The fully engulfed Bayliner. - Karen Parsons photo
The fully engulfed Bayliner.
— image credit: Karen Parsons photo

The engine room of a 35-foot Bayliner caught fire at the start of Labor Day weekend.

Orcas Fire and Rescue responded to the blaze aboard the boat "Today" in Deer Harbor Marina at 8:30 p.m. on Sept. 2. Firefighters were unable to save the vessel, which sunk and was later towed to Cayou Cay Marina by Vessel Assist.

We bought the boat around Memorial Day weekend,” said owner Mark Redis, who lives in Mt. Vernon. “We worked really hard to get this boat and we'd only had it for three months.”

Redis says the fire likely originated with an electrical short.

The fire appeared to be below deck in the engine room,” said Division Chief Patrick Shepler. “There was a strong electrical smell when the boat was initially approached.”

The Coast Guard was notified and arrived minutes after the first Orcas firefighters. The Redis family had left the boat half an hour before the flames were spotted; they received a call about the emergency while eating dinner. A quick-thinking bystander had towed the burning vessel away from the dock and into the narrow channel, where it was then anchored.

An initial fire attack and evaluation was made by Orcas firefighters using a floatable pump they brought aboard the 33-foot Coast Guard vessel. Shepler also requested the response of the fire boat “Confidence” from Fire District 3 on San Juan Island.

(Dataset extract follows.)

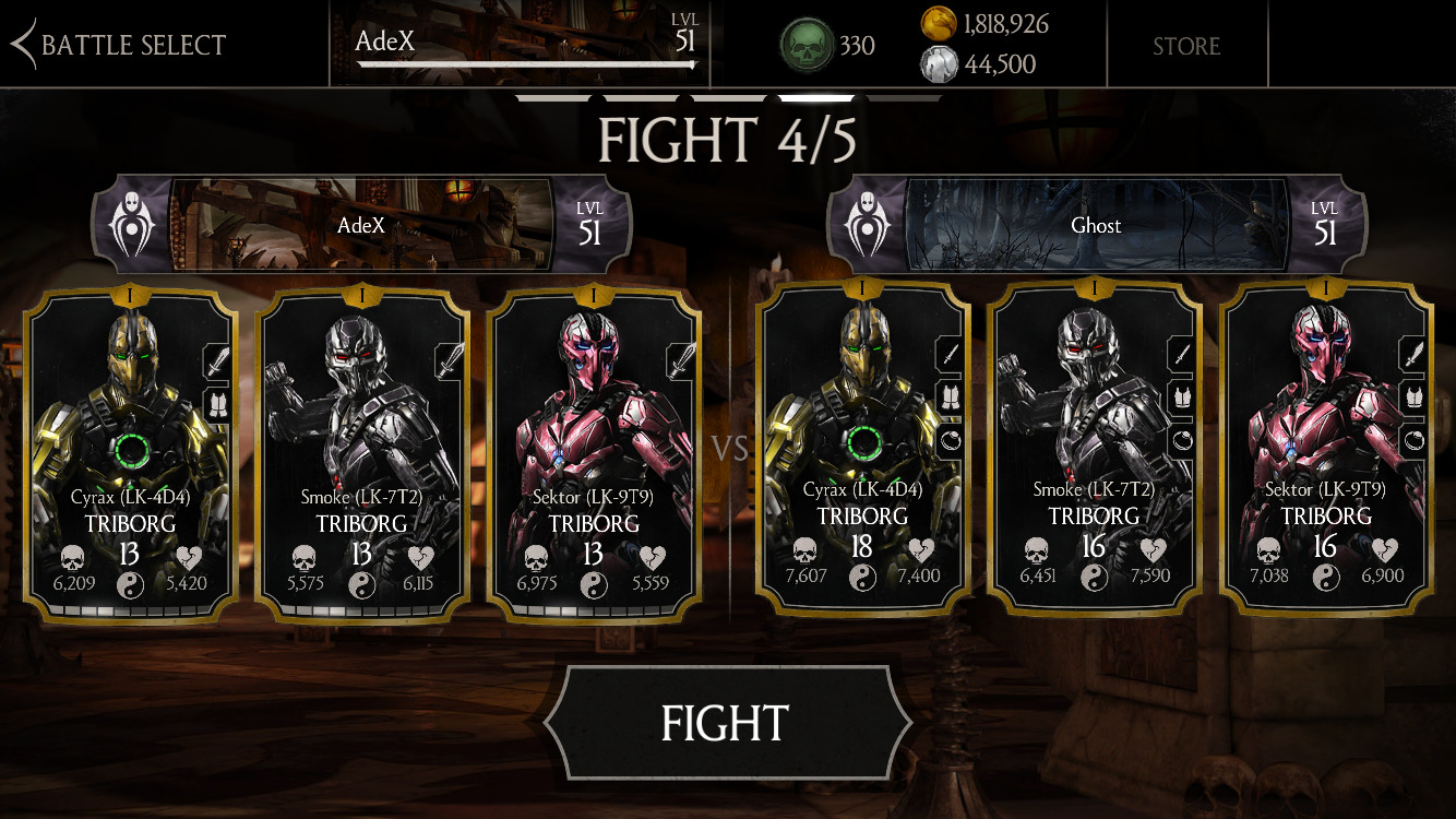 Nekem félév után alakult ki az a helyzet, hogy lassan meglesz a 2. csapatom is a játékba. Ezzel még jobban felfog gyorsulni a játék. Kontender III.-ba kéne végeznem minden session-be. Azért az már nem gyenge. Én most gyűjtöm a soulokat, igaz nem tudom mire. Kombat Pack-et sem veszek most egy ideig. Egyszerűen így is annyi karakterem van már, hogy nem győzök válogatni. Ne legyünk kérem telhetetlenek.

When Redis and his wife and their 15-year-old daughter returned, they discovered their beloved 10-year-old African Gray Parrot named Esa was trapped on board. The boat was heavily involved at that point, and firefighters deemed a rescue attempt to be futile.

No one was hurt and there was no environmental or property damage, but losing my wife's bird was the worst part of the whole thing,” Redis said. “Esa loved going on our boat ... my wife took her to work.”

Shepler said a handful of spectators at the marina were “concerned why firefighters were not putting continuous streams of water on the burning boat.”

There are always three overarching goals on every incident, and in this order of importance: life safety, incident mitigation and property conservation,” Shepler said. “This vessel had about 50 gallons of gasoline aboard. We were concerned with protecting the marina, other boats and with protecting the environment. We could have mixed too much water with gasoline and had a running fuel fire that would endanger the marina and the environment. Our Incident Command Team agreed that for both overall safety and limiting environmental impact, our strategy of letting the fuel burn off was the most mindful one.”

The Island Oil Spill Association set up a 600-foot oil protection boom from a safe distance, even before the fire was extinguished, to stop chemicals or debris from drifting into a nearby estuary. Orcas Fire also consulted with the Department of Ecology.

After a preliminary investigation of the area by the Coast Guard, it appears that no petroleum products were released into the water.

Redis says it was a stroke of luck that he didn't fuel up before leaving his slip in La Conner.

I have never gone away for the weekend without filling up my boat fully with gas before leaving the dock,” he said. “But that Friday I was behind schedule, and I knew I had enough gas to get there. So when the boat caught on fire there was 50 gallons of fuel rather than 175.”

Redis says his daughter is scared to go boating again.

If we were on the boat when it happened, we probably would have died,” he said.